┌──

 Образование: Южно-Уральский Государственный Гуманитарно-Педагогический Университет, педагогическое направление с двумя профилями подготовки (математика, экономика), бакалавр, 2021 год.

└──
┌──

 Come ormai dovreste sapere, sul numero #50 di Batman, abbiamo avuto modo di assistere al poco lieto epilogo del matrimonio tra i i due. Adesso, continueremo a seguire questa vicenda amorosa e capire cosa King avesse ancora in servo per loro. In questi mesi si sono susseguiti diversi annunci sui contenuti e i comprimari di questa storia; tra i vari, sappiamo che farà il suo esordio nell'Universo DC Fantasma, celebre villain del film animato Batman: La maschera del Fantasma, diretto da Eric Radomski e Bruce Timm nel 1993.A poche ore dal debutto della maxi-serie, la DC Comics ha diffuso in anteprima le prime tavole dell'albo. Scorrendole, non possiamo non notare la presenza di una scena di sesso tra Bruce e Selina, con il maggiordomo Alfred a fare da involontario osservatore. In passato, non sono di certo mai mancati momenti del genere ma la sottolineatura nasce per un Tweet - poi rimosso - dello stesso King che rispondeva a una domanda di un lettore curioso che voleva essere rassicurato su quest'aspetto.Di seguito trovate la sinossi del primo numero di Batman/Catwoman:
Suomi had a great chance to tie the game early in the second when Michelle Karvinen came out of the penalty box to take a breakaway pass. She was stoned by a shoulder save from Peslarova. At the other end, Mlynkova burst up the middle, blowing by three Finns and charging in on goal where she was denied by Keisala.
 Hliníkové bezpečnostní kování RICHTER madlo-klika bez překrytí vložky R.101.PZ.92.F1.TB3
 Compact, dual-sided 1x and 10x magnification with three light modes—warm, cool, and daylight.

└──

Tally the lines of the listing above that include the word "three". Answer with the number alone.

2